I thought it would be interesting
to write my last blog entry on 17th and 18th century
prostitution because many of the plays of the time include prostitute
characters, and English society certainly did.
During this time period, prostitution was especially common near ports
where sailors and traders would arrive after long periods of time at sea and
with wages and goods to trade and spend.
As more trade routes opened, particularly during the 18th
century, the availability of prostitutes increased and the women became more
varied in origin and more exotic to the English sailors. The men who could not afford the higher class
prostitutes were simply taken to an isolated place or the woman’s own lodgings
to complete their transaction; the majority of prostitutes did not work in a
brothel.
Generally prostitutes worked alone
or in small numbers with very few under the supervision of pimps or
madams. These independent workers were
able to keep all of their wages and gain economic independence despite their
gendered disadvantages and marginalized social group. It was often poverty that forced women (and
often men) into the prostitute lifestyle to begin with and it has been
estimated that 1/6th of the population during the late 17th
and 18th centuries had participated in prostitution at one
time. The large scale participation in prostitution
was largely to blame for the pandemic-like spread of various STDs, most notably
syphilis (the sores of which were often hidden with black patches on the face
of the carrier in little shapes and designs… ridiculous).

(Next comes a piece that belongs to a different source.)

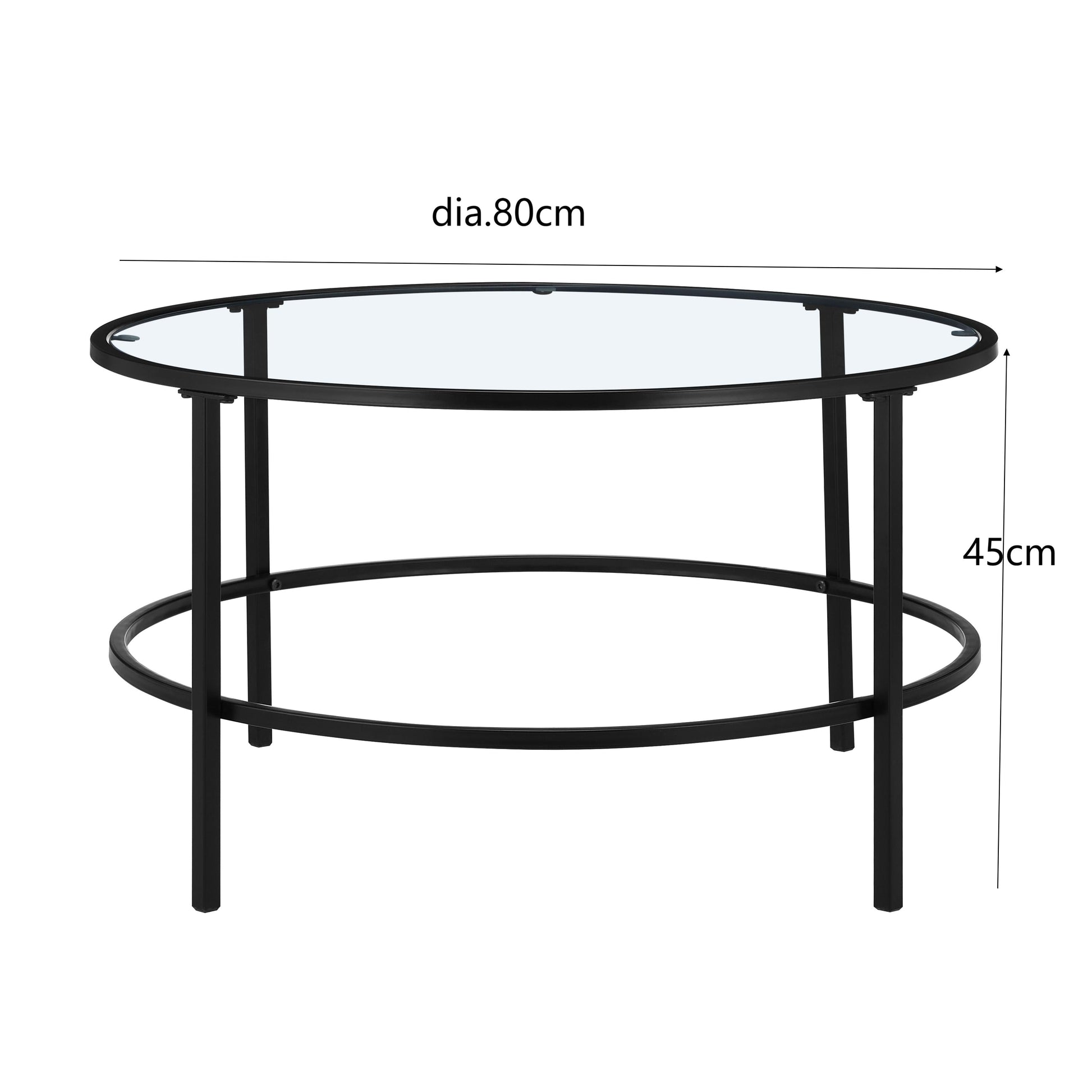 Elevate your living space with this stylish circular table, available in black or gold with a tempered glass top. The sleek metal frame adds a touch of modern elegance, while the circular design serves as a versatile and functional centerpiece for any room. Use this table in front of your sofa to easily access drinks, books, or decorative accents. With its sturdy metal construction and transparent glass top, this table seamlessly blends into any decor style. Whether in your living room, den, or home office, this timeless and practical piece is a chic addition. Assembly is simple with the included tools and instructions, as this product arrives flat packed.

Despite the openness with which
prostitution was carried out during the 17th and 18th
centuries and its illegal status, the police were not too harsh on prostitutes because
society demanded them and there were usually no crimes of violence involved (or
at least reported). Even during the
reign of Cromwell prostitution was not eradicated but simply flourished
underground, only to rise with a vengeance after the restoration of Charles II.
It was only during the mid to later
years of the 18th century that prostitutes were ostracized from
society and a more Victorian sense of morality began to enter the social
consciousness. The economic factors
leading women into prostitution were preached by social reformers but the logic
of their arguments did not eradicate the increasingly believed fallacy that
prostitutes and women in general needed to have their immoral selves controlled
in order to save men from temptation—welcome to the 19th century!